How To Plan a Walimah – Muslim Wedding

Walimah means gathering for a marriage feast or commonly known as a Muslim wedding. It is performed after nikkah, either within the same day or different day. Your nikkah is still valid without a walimah. However, it’s a sunnah to do so. Learn how to plan your dream walimah in this simple wedding planning for Muslim brides and grooms.

The Messenger of Allah (ﷺ) said: “How much did you give her?” He said: “A Nawah (five Dirhams) of gold.” The Messenger of Allah said: “Give a Walimah (wedding feast) even if it is with one sheep.”

Grade: Shahih | Sunan an-Nasa’i 3351​

Featured Photo by Tamara Menzi

1. Decide your mahr (dowry)

Photo by Esther Tuttle

Mahr is essential for your nikkah. It’s the bride’s right to ask for a mahr. Discuss with the groom how much mahr you would like to have. It could be money, jewelry or any valuable items that he is able to provide.

There’s a beautiful hadith about mahr that we all can ponder upon.

Allah’s Messenger (ﷺ) said: “The best dowry is that which is most easy.”

Grade: Shahih | Bulugh al-Maram 1035

2. Pick your perfect walimah date

Photo by Maddi Bazzocco

Sit down and discuss with your partner and the respective family to decide which date you want to get married. It’s necessary to consider the season, especially if you want an outdoor walimah.

You may also want to avoid the peak season since it’s generally more expensive. Approximate how much time you need to prepare for the walimah carefully.

3. Estimate the walimah costs

Photo by Kelly Sikkema

Set the budget you can afford and plan the walimah accordingly.
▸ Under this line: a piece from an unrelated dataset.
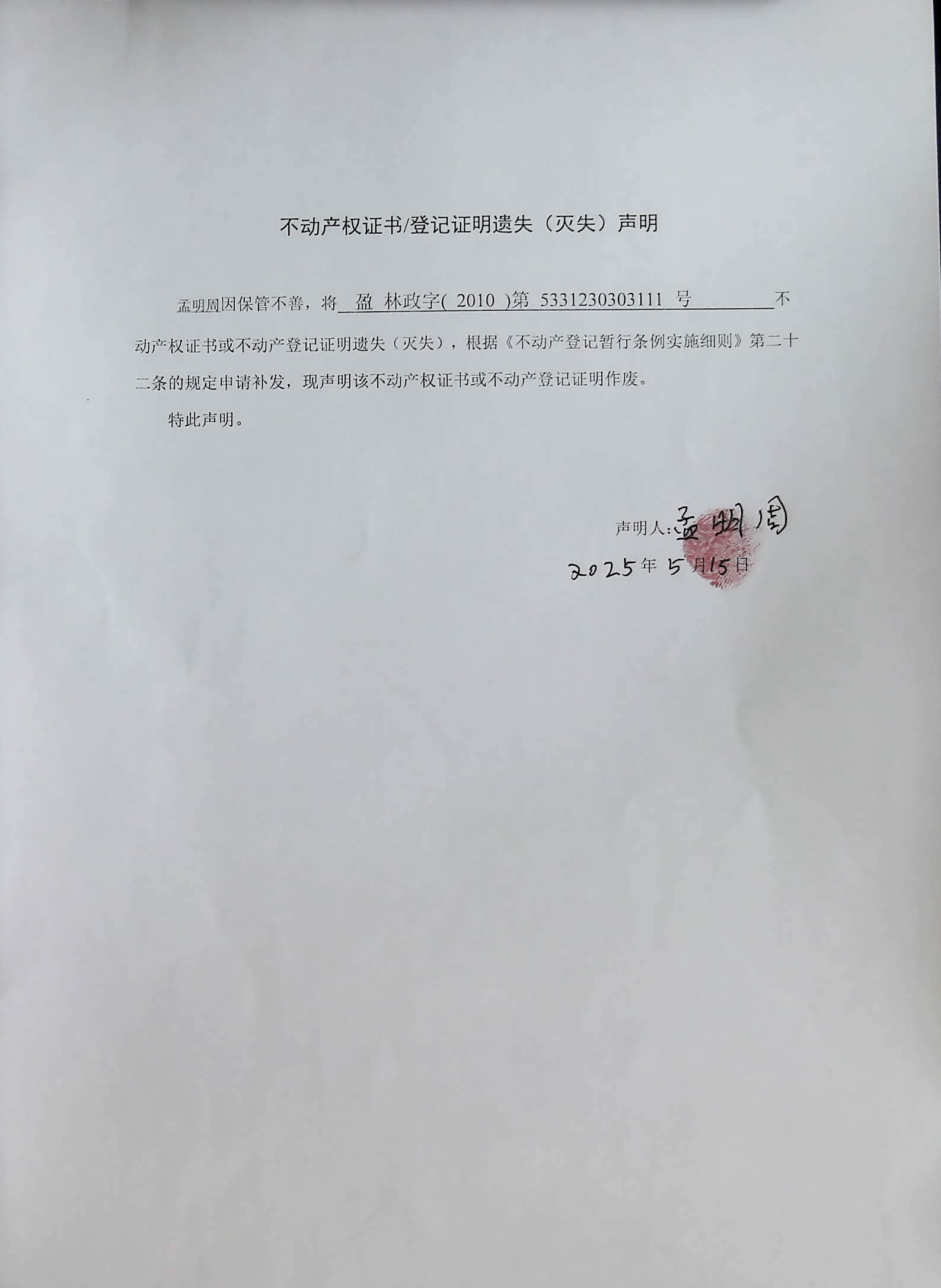 不动产权证书/登记证明遗失(灭失)声明(孟明周)

I believe that walimah doesn’t have to be expensive. In Indonesia, you can get married for free at the registry office. Weddings are the big we’ve been waiting for in our lives. But you don’t have to spend all of your savings on it. By being considerate, you’ll save yourself from unnecessary financial issue after the wedding is done! I will share helpful tips to save money on your walimah in the future, inshaaAllah.
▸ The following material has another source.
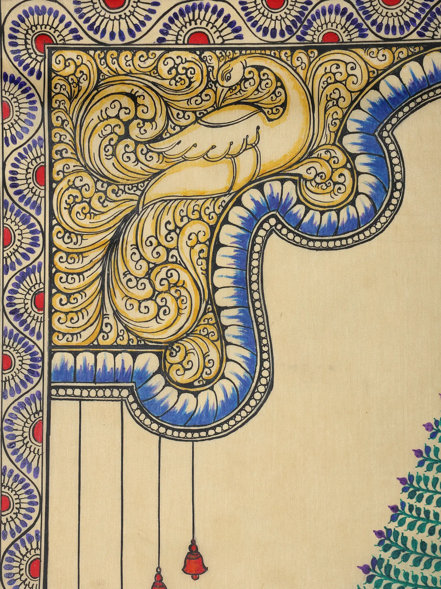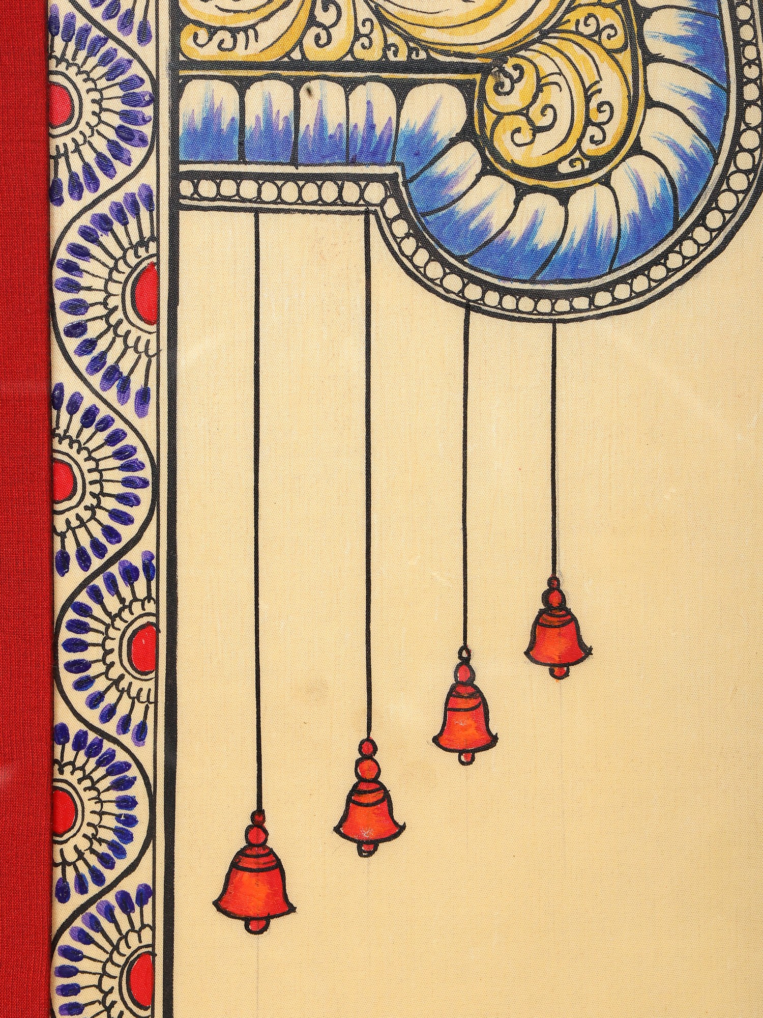 The central motif is beautifully framed by intricate borders that showcase the characteristic design elements of Pattachitra art. Notice the rows of meticulously crafted semi-circular designs, filled with alternating colors, add rhythm and pattern to the painting. The top of the painting features an ornate arch design adorned with detailed scrollwork, with an ethereal swan, or possibly a Hamsa, nestled within the patterns. Suspended below the arch are small, bell-like decorations, adding a whimsical touch and further enhancing the visual appeal.

4. Create your walimah guest list

Photo by Analise Benevides

Even if you’re paying for the walimah yourselves, it’s a good idea to get the families together and talk about the guest list.
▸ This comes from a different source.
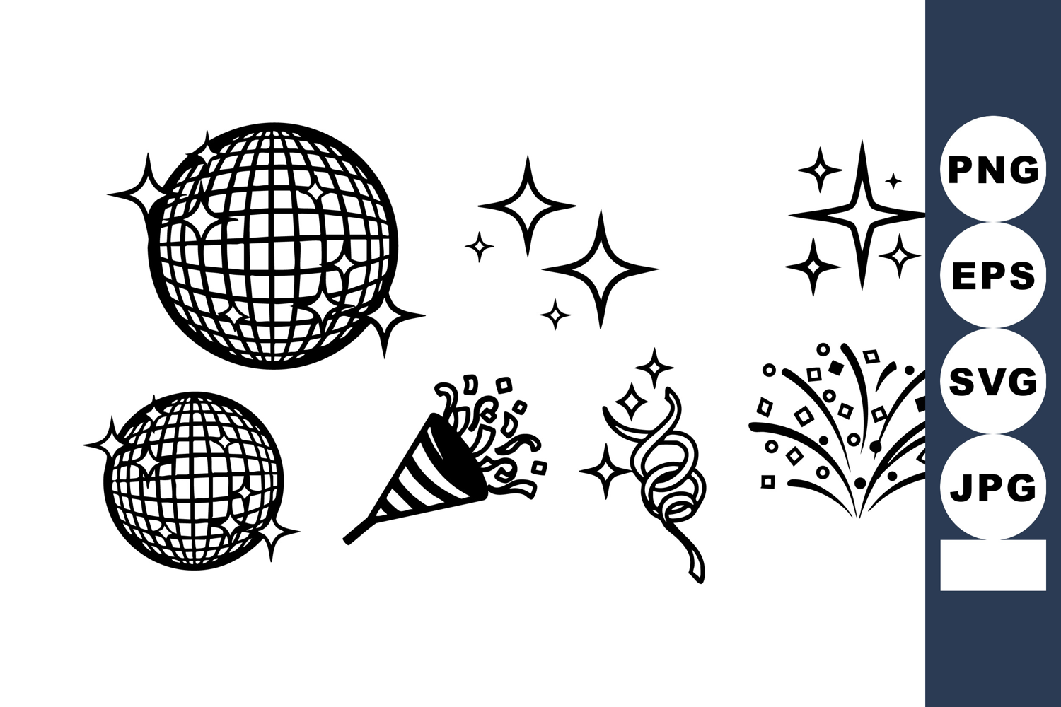 This vector shows sparkling disco balls, confetti, glitter stars, and party poppers celebrating a festive occasion with joyful energy and vibrant mood.

It’s compulsory to announce the wedding, but you need to be realistic about the number of guests you want o invite. Make a priority list and a wish list. Track the RSVPs, so you’ll know if you have some extra space you can give to the wish list.

5. Find the best walimah venue

Photo by Thomas WIlliam

First, decide the general location where the walimah will take place. While it’s convenient to marry in your hometown—or your partner’s, you can also have a destination wedding on your dream island. Check its capacity and facilities to make sure the venue can comfortably accommodate your guests.

6. Get your marriage registered

Photo by Sandy Millar

Your nikkah is still valid even though you haven’t legalized your marriage. But, I highly advise you to make it legal because it’s going to protect your rights (women are put in a very vulnerable situation in a unregistered marriage).

When you decide to marry someone outside your country, understand that you need to do extra paperwork that may take months to proceed. I suggest you prepare it way ahead. If you need help, please consult with the embassy. There are supportive Facebook groups of multicultural families you can join.

I explained the required documents for a British-Indonesian marriage in separate post.

7. Choose the walimah vendors

Photo by Morgan McDonald

Picking a theme for your walimah will make it easier. Make a list of the vendors you need, then do research to choose the best vendor. Ask friends and families for recommendations and attend the events that use their services if possible. Some of the essential vendors are catering, attire, decor, photographer & cinematographer, and invitations.

Mabrouk, you made it! To help you on the D-day, you can hire a wedding organizer and leave the rest to them. Make lots and lots of ad’iyah (prayers) and trust Allah. If something doesn’t happen exactly the way you planned, let it go. Make it a priority to be present with your spouse and cherish the moments with your guests.